__TASK__:
Below are records; please set down exactly the lines from the first through the one containing "Con el deseo".

TASK MATERIAL section start

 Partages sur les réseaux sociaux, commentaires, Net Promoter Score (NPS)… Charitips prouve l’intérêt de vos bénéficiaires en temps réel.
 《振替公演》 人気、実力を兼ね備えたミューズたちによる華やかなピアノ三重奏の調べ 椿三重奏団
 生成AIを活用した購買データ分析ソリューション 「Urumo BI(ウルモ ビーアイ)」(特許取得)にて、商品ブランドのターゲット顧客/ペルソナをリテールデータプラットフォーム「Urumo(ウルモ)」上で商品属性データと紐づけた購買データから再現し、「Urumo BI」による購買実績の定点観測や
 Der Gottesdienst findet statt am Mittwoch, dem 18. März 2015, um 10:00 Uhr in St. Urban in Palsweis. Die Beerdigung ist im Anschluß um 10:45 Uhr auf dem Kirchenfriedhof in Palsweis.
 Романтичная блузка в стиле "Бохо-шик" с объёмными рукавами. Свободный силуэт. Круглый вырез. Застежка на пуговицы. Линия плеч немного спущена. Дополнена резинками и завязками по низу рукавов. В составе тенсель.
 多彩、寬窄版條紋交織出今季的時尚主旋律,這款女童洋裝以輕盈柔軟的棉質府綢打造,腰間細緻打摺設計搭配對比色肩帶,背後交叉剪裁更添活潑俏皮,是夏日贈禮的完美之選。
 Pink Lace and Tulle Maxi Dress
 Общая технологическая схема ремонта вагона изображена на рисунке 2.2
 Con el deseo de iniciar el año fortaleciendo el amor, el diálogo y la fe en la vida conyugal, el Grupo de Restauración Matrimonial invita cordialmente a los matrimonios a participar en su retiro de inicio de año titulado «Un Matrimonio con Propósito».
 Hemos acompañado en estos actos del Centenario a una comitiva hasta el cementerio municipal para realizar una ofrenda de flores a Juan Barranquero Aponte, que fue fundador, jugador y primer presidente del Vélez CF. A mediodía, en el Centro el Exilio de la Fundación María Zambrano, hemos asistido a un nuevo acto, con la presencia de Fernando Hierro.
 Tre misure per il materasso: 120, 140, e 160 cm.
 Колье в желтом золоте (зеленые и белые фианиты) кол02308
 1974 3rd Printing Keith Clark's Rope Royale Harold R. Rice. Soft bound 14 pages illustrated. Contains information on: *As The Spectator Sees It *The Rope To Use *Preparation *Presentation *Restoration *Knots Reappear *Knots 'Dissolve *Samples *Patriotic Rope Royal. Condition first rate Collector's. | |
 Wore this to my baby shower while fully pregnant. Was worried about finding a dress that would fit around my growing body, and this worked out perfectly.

TASK MATERIAL section end

__RESULT__:
 Partages sur les réseaux sociaux, commentaires, Net Promoter Score (NPS)… Charitips prouve l’intérêt de vos bénéficiaires en temps réel.
 《振替公演》 人気、実力を兼ね備えたミューズたちによる華やかなピアノ三重奏の調べ 椿三重奏団
 生成AIを活用した購買データ分析ソリューション 「Urumo BI(ウルモ ビーアイ)」(特許取得)にて、商品ブランドのターゲット顧客/ペルソナをリテールデータプラットフォーム「Urumo(ウルモ)」上で商品属性データと紐づけた購買データから再現し、「Urumo BI」による購買実績の定点観測や
 Der Gottesdienst findet statt am Mittwoch, dem 18. März 2015, um 10:00 Uhr in St. Urban in Palsweis. Die Beerdigung ist im Anschluß um 10:45 Uhr auf dem Kirchenfriedhof in Palsweis.
 Романтичная блузка в стиле "Бохо-шик" с объёмными рукавами. Свободный силуэт. Круглый вырез. Застежка на пуговицы. Линия плеч немного спущена. Дополнена резинками и завязками по низу рукавов. В составе тенсель.
 多彩、寬窄版條紋交織出今季的時尚主旋律,這款女童洋裝以輕盈柔軟的棉質府綢打造,腰間細緻打摺設計搭配對比色肩帶,背後交叉剪裁更添活潑俏皮,是夏日贈禮的完美之選。
 Pink Lace and Tulle Maxi Dress
 Общая технологическая схема ремонта вагона изображена на рисунке 2.2
 Con el deseo de iniciar el año fortaleciendo el amor, el diálogo y la fe en la vida conyugal, el Grupo de Restauración Matrimonial invita cordialmente a los matrimonios a participar en su retiro de inicio de año titulado «Un Matrimonio con Propósito».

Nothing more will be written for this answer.